Once I was in there, I was very glad I went.  The service was pleasant, the sermon was relevant and they gave me a really nice coffee mug.  They have a lot of activities for all the age ranges within our family.  But . . .  I don't know.  It was nice, but I don't know if it's home.  The important thing is that I tried it.  It was all right, and maybe over time I would like it better.  Next week, I will try another church and see how it feels.  It still seems scary.  And being scared of going to church seems pretty silly.  :)  I'm sure next week will be easier.  And each week after that until I find a church that feels like home. 

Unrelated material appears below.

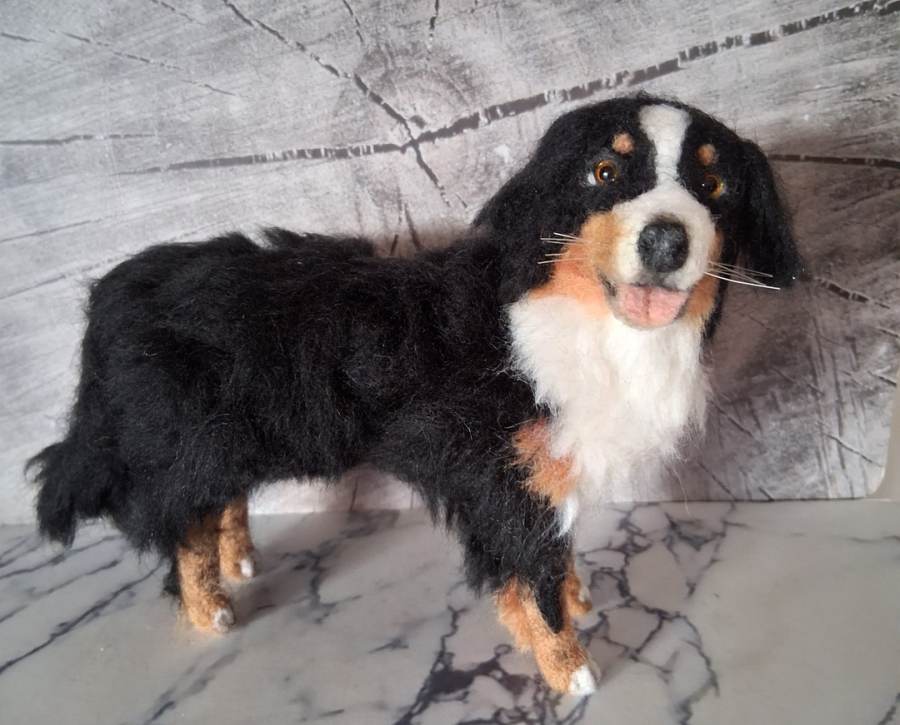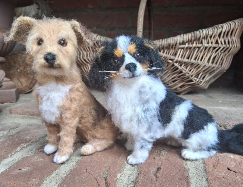 Aus naturbelassener, gereinigter Schafswolle, in der Machart des Trockenfilzens, auch Nadelfilzen genannt, würde ich auch gerne Ihren Liebling verewigen.

After church, we went to the Legends and had lunch at Outback.  It was a nice yummy, welcome home dinner for Payton.  Then we hit Books-A-Million for a while.  Dan and Payton went to see Step Up 3D and Livi played at the bookstore while I read my new book.  There were a bunch of other kids her age and Livi had a blast.  She still wasn't ready to leave two hours later, but she finally agreed.  Then, while Livi played in the fountain, a little kid asked me if I lost my wallet.  I hadn't, but the one he pointed out was all alone.  I took it into the theater but they said I would need to take it to Legends security.  I finally found a security guy and gave him the wallet, but I felt bad.  I worry that it won't get back to the poor girl.  It's a high school girl and her phone was dead so I couldn't call any of her friends.  I hope she got it back.  If it wasn't after six on a Sunday, I would have just gone to a T-Mobile to have them charge her phone.  *sigh*  It stinks when doing what should be the right thing to do still doesn't really feel right. We had dinner at Hardee's and headed home.  Payton packed his backpack for school tomorrow while Livi passed out on the couch.  It was a pretty darned good day.


Saturday, August 14, 2010

Day Twenty-five 08-14-2010

It was a really long day today.  We got up early and worked on the house.  The kitchen looks great and the living room does too, except for my desk and Payton's desk.  Those are more than just one day jobs, I am thinking.  We put together the new vacuum and the steamer and they were both great.  I baked a peach blackberry TSG Summer Fruit Crisp, an apple TSG Summer Fruit Crisp and a dozen Inside Out Carrot Cupcakes.  I also made a batch of Over-the-Edge Herbed Spinach Dip with low fat sour cream, and one batch with Tofutti Sour Cream.  Dan and I both liked the non-dairy version better.  I think I'm going to try adding the TSG Outrageously Garlic seasoning and heating it up a little because garlic is my favorite part of spin dip!  :) 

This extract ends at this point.